The behemoth of a clean energy bill could reshape Massachusetts utility policy, if it survives the legislative process.
The measure also asks the state to consider adding 5 GW of offshore wind energy, directs electric vehicle charging station distributors to create time-of-use rate plans for infrastructure and increases the state’s renewable portfolio standard.
While the measure passed the Senate easily, PV Magazine reports it may face more difficulty on the House side, as Speaker Robert DeLeo has blocked similar measures in the past. DeLeo’s office did not respond to requests for comment.
While the speaker supported previous legislation to raise net metering caps, the House could consider breaking up the energy omnibus into separate issues. The House has its own versions of various components of the energy bill, including legislative proposals to lift net metering caps.
“The way the Senate’s chosen to approach this is to put a whole bunch of different issues into one energy package. It’s unclear whether the House will take that similar parliamentary approach,” Sunrun’s Dube told Utility Dive.
The language that would affect the Eversource rate ruling was crafted in the state’s joint Committee on Telecommunications, Utilities and Energy, with House and Senate chairmen expressing support for language that would alter the utility’s demand charges.
The Senate’s version clarifies the statutory language authorizing a demand charge, addressing some consumer and solar advocacy criticisms of the DPU’s Eversource decision. The new language would allow charges that more closely resemble time-of-use rates, as they would define system-wide hours during which customers could be charged more.
Demand charges could also only be approved if customers have “metering functionality or technology is available to the customer at a reasonable cost to provide the customer with near real time access to electricity usage data.”
If the demand charge language is approved, the Eversource rate decision, which goes into effect at the end of the year, would need to be reconsidered under the new statutory language. The utility is still reviewing the legislation, an Eversource spokesman told the State House News Service on Thursday, while Sunrun is pushing for its final approval.

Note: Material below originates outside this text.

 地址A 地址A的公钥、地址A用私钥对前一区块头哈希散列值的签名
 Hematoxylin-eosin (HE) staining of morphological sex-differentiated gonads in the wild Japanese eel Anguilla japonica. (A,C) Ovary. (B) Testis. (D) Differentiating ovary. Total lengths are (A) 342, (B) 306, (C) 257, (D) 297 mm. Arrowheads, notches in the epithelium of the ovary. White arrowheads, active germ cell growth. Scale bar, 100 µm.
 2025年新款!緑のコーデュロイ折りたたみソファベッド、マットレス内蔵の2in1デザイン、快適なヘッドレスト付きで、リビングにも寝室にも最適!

“Sunrun’s certainly been supportive of this legislation that’s been put forward and we are optimistic that in particular the very, very important demand charge language will ultimately pass and be sent on to the governor,” Dube said.
House Ways and Means Chair Tom Golden, D, told the State House News Service that he anticipates the House will act on energy bills this session.

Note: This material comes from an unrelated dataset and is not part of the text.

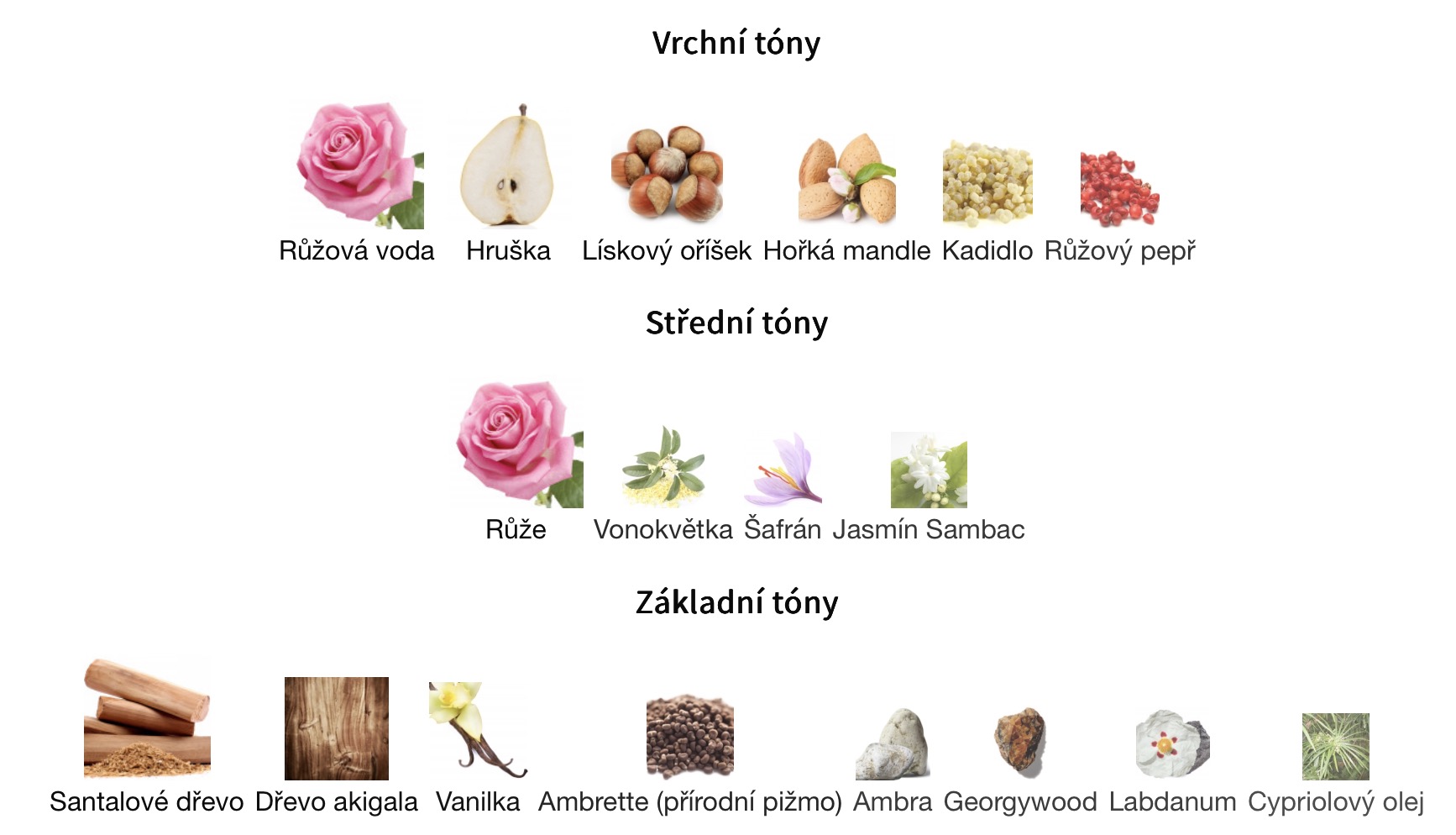 Střední tóny jsouRůže, Vonokvětka, Šafrán a Jasmín Sambac ;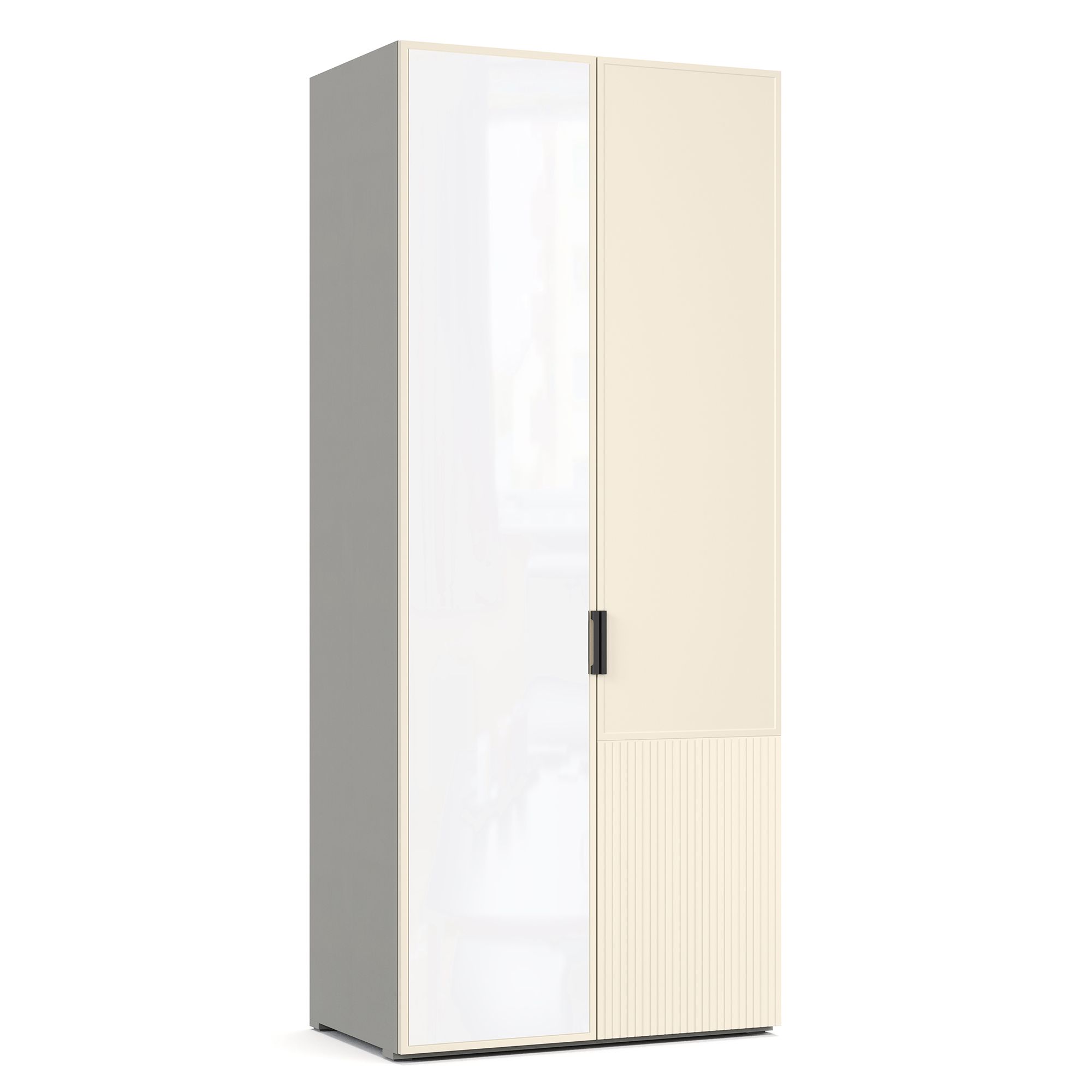 Внутреннее наполнение двухдверного шкафа NAPOLI представляет собой систему из двух полок, к нижней из которых крепится штанга для вешалок. Верхняя часть одного из фасадов декорирована тонкой рамкой, нижняя – вертикальной фрезеровкой. Второй фасад представляет собой единое зеркальное полотно. Предусмотрены варианты с левым и правым размещением зеркала. Корпус выполнен в текстуре Шенилл. Шкаф оборудован встроенным светильником (система включения заказывается отдельно). ВАЖНО! При использовании в качестве отдельно стоящего модуля, завершающего элемента композиции или рядом с угловым шкафом обязательно оснащение боковыми стенками (заказываются отдельно). Эксплуатация без них дизайном не предусмотрена.

Besides the demand charge language, the Senate also seeks to remove the state cap on net metering for non-governmental solar panel generators, allowing them to sell back more power to the grid.
The Senate’s package would incrementally increase the state’s renewable portfolio standard until it reached 100% in 2047. In early June, Hawaii became the first state to set a mandate for 100% clean energy, targeted for 2045.
Massachusetts has been active in addressing the storage targets it set in 2017, as the state awarded $20 million in grants for energy storage projects. The state is currently aiming to add 200 MWh of storage capacity by 2020.
The new bill directs the state to add 2 GW of storage by 2025. Utilities would be limited to owning up to 20% of their deployed projects and would be charged compliance payments if they fall behind deployment schedules.